At the same moment that Alice snorted into her drink, Dick just sighed. "Are there Germans on the Rhine?"

"Hm, not if you're careful."

"I'll take the swim," he muttered.

They traded questions for a while, all of them fairly harmless. But eventually Dick saw that they'd never be getting back to work. Leaving them to sleep, convinced they'd be at it for much longer than he intended, Dick just said goodnight quietly. This left Nixon and Alice.

They sat opposite each other. With Dick gone, Alice dragged his chair over so she had a footrest as well. One oil lamp lit the tent structure, poorly at that, but she didn't mind. With Dick gone, it was Nixon's turn. Alice closed her eyes.

"Ok. Would you rather live in Paris or Hamburg after the war."

She gave a tiny sigh. Once she'd opened her eyes, she shrugged. "I don't know. I would love to return to Germany. I spent 14 years there."

"So Hamburg?"

"Fine, I'll go with Hamburg. But I think I'd prefer the country." She paused, thinking up her question. "Alright, Nix. Would you rather never smoke again, or never be able to drink Vat 69?"

"What an awful question," he muttered. "Never smoke." It took him several moments to come up with his next question. He leaned back again. "Would you rather go back and never join the paratroopers, or keep things as they are?"

The effect was instantaneous. She straightened in her seat. Alice's arms crossed over her chest in some form of self protection or comfort. But she didn't refuse to answer. Instead she just considered her choices in silence.

"I think," she began, "I think that I would stay here. I've made too many friendships here, too many bonds with the people in Easy, to throw that away. Everyone from Toccoa," she added. "All of you, I couldn't throw that away."

It took a moment for her to glance back over at him. When she did, she could see him thinking. Usually it made her smile, the fact that she could practically see the wheels turning inside his brain. They'd made Nix the S-2 for a reason. And even if he was able to mask it, balance it with jokes and alcohol, he was far from stupid. In fact, she thought he was sometimes a bit too observant.

"My turn," she said. Alice leaned forward, taking her legs off the seat across from her. If he wanted to play this game, the game within the game, she could too. If he wanted to use this to pick her brain, then she'd have just as much fun. "Would you rather be from a family with no name and no money, but have no expectations placed on you? Or, be a Nixon."

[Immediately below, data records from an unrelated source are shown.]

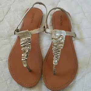 Cute gold sandals. There is some fraying on the straps as is shown in the pictures. Still in good condition!
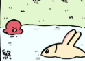 最後にうさぎさん対池タコか?見つめあう2匹
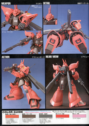 Excellent high-grade kit of the Gelgoog J is molded all in color and features snap-fit assembly; so no paint or glue are required. Polycaps are included for joint movement; the finished product is fairly poseable. Included weapons are the beam machinegun, and 'beam spot gun' (in the forearms).
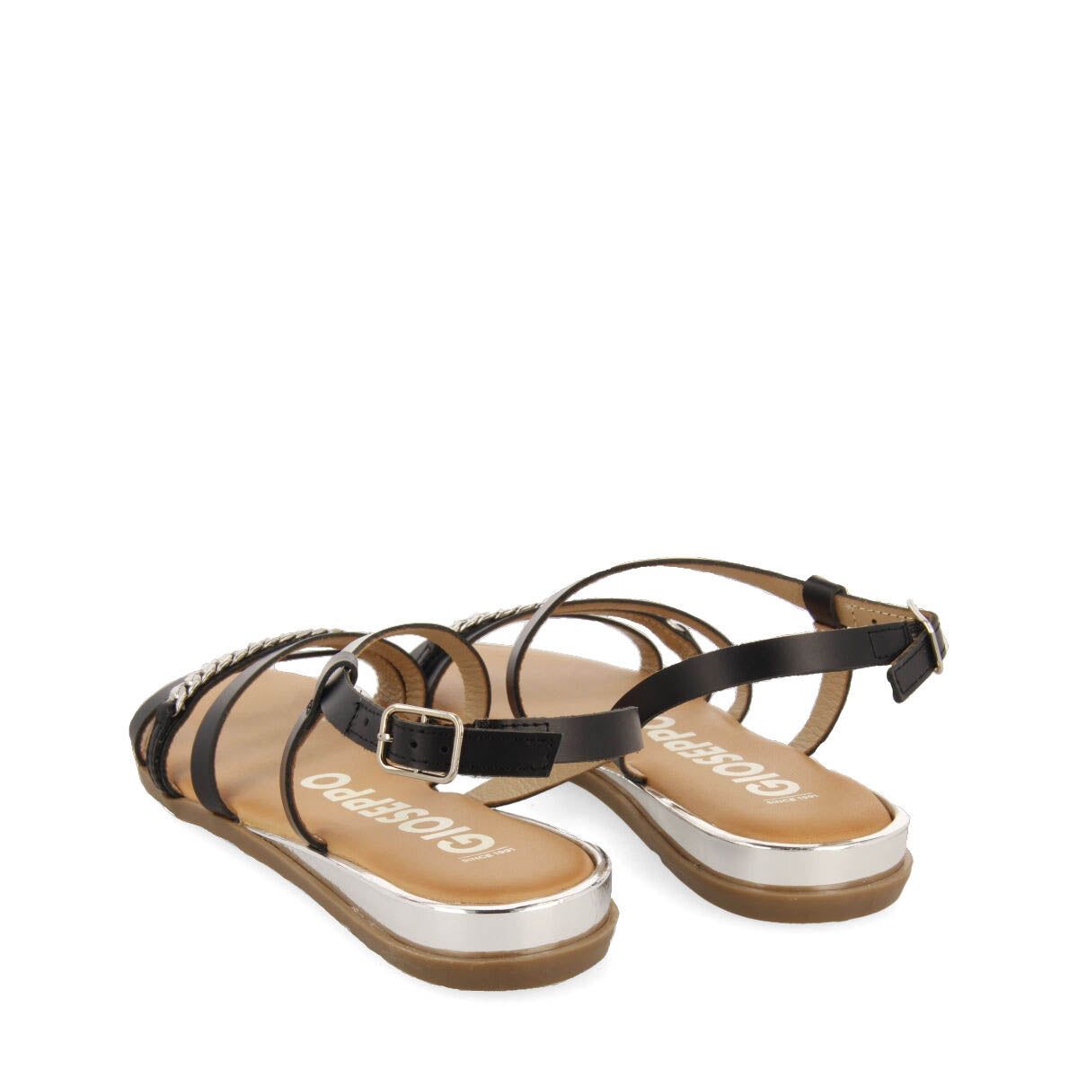 SANDALIAS NEGRAS CON TIRAS Y DETALLE DE CADENA PARA MUJER MAZION
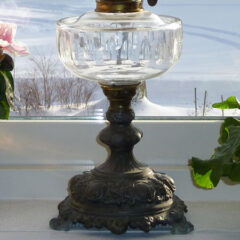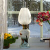 Charmig lampa med härligt olivslipat oljehus och underbar fot som troligtvis varit förgylld en gång i tiden.
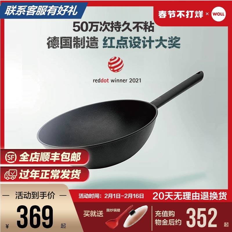 德国WOLL不粘锅炒锅家用炒菜锅麦饭石色锅具燃气灶专用煎炒不沾
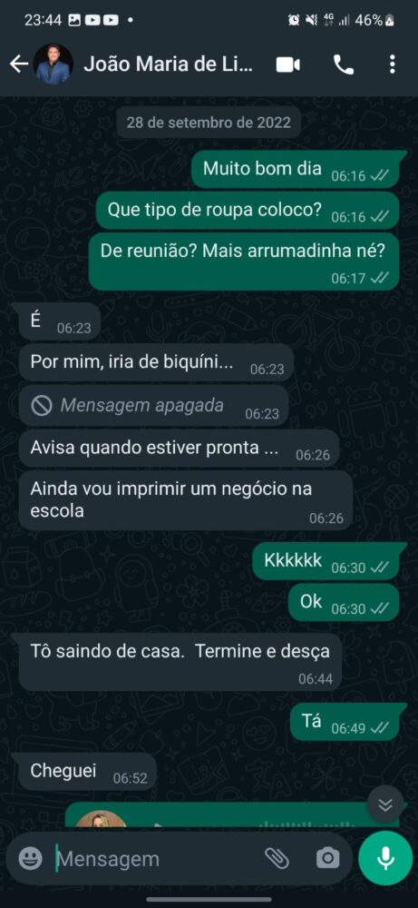 Nas mensagens, que fazem parte da investigação, a servidora pergunta qual o tipo de roupa que deveria vestir para um evento em que iria acompanhada pelo então diretor da Escola. “Por mim, iria de biquini”, disse. Em outra, o professor disse que iria viajar e questionou se não daria “um cheiro e um abraço” antes da viagem.
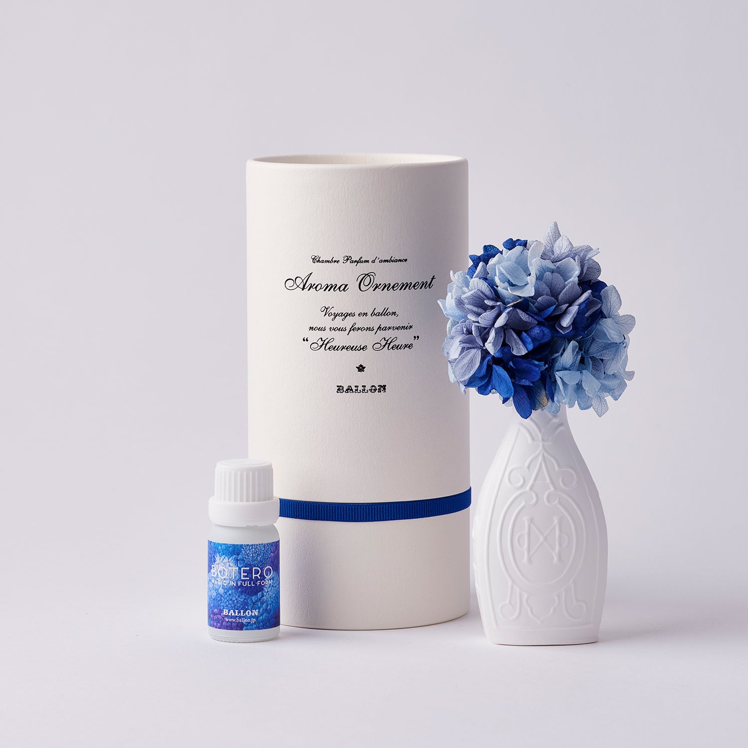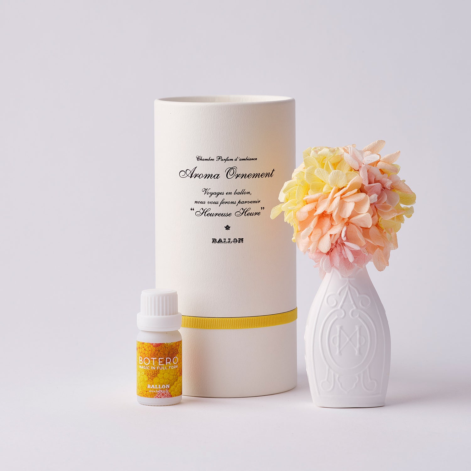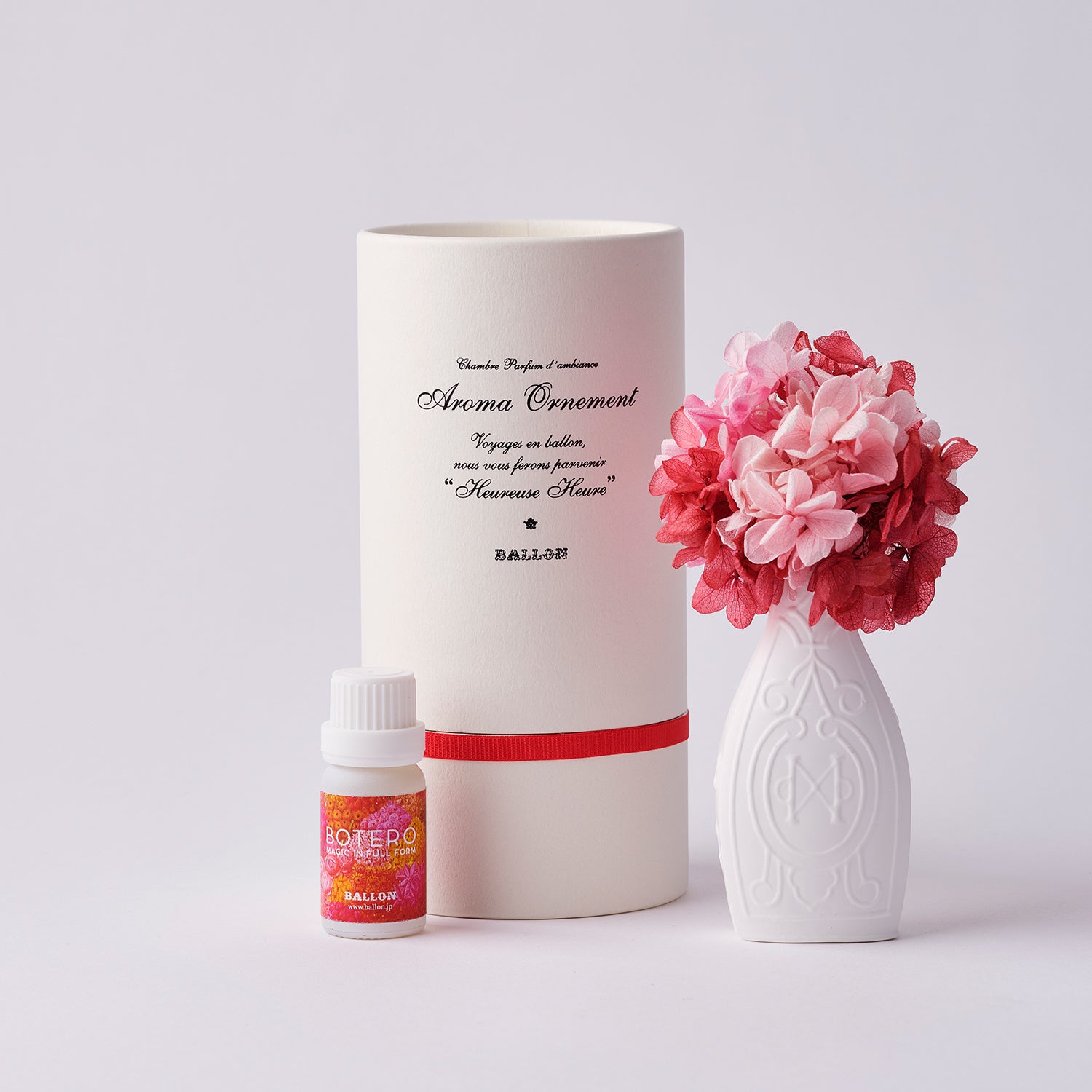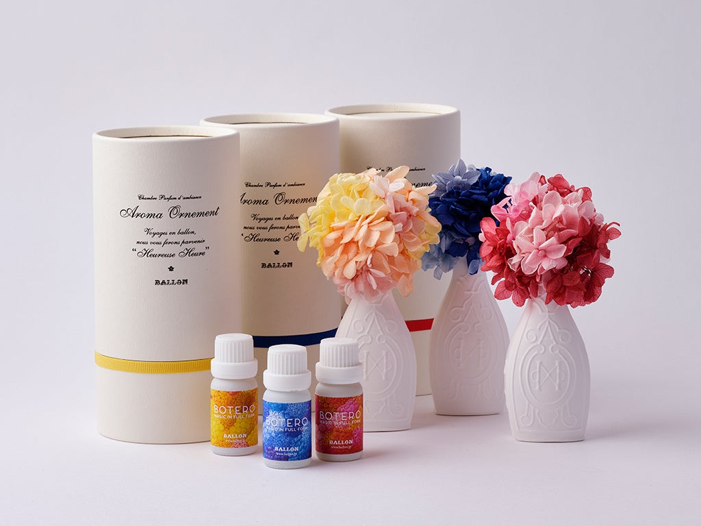 それぞれのアロマオーナメント®には、花の色から着想を得て、「赤の花」にはローズ、「黄色の花」にはジャスミン、「青の花」にはヴィオラの香りのBALLONオリジナルアロマオイルと、ボテロ展ステッカーが付属されます。

The moment he heard the question, Alice watched him release a breath. Next came the drink of Vat 69 that she'd also been expecting. The silence, however, came as a surprise. She'd anticipated some sort of biting remark between hearing the question and forming an answer. Instead she was met with silence.

"It'd be a lot harder to find endless Vat 69 if I wasn't a Nixon," he pointed out with a smirk. 

His cheeky wink did nothing to fool her, but Alice said nothing more as he downed a large drink. After another moment of watching him, she just yawned. Her watch read almost midnight. With a brief stretch, she pushed in her chairs. "I better go sleep."

"Right. Don't let the frostbite bite," he said.

Alice laughed under her breath. Leaving him to his musings, she slipped out of the tent and strolled through the CP. She passed two corporals on their way to somewhere. They chatted quietly. Soon enough she stood before her foxhole. After slipping beneath the tarp, she yawned again. The cold air irritated her lungs and she suppressed a few coughs into her blanket. Finally, with thoughts of home in her mind, she drifted off to sleep.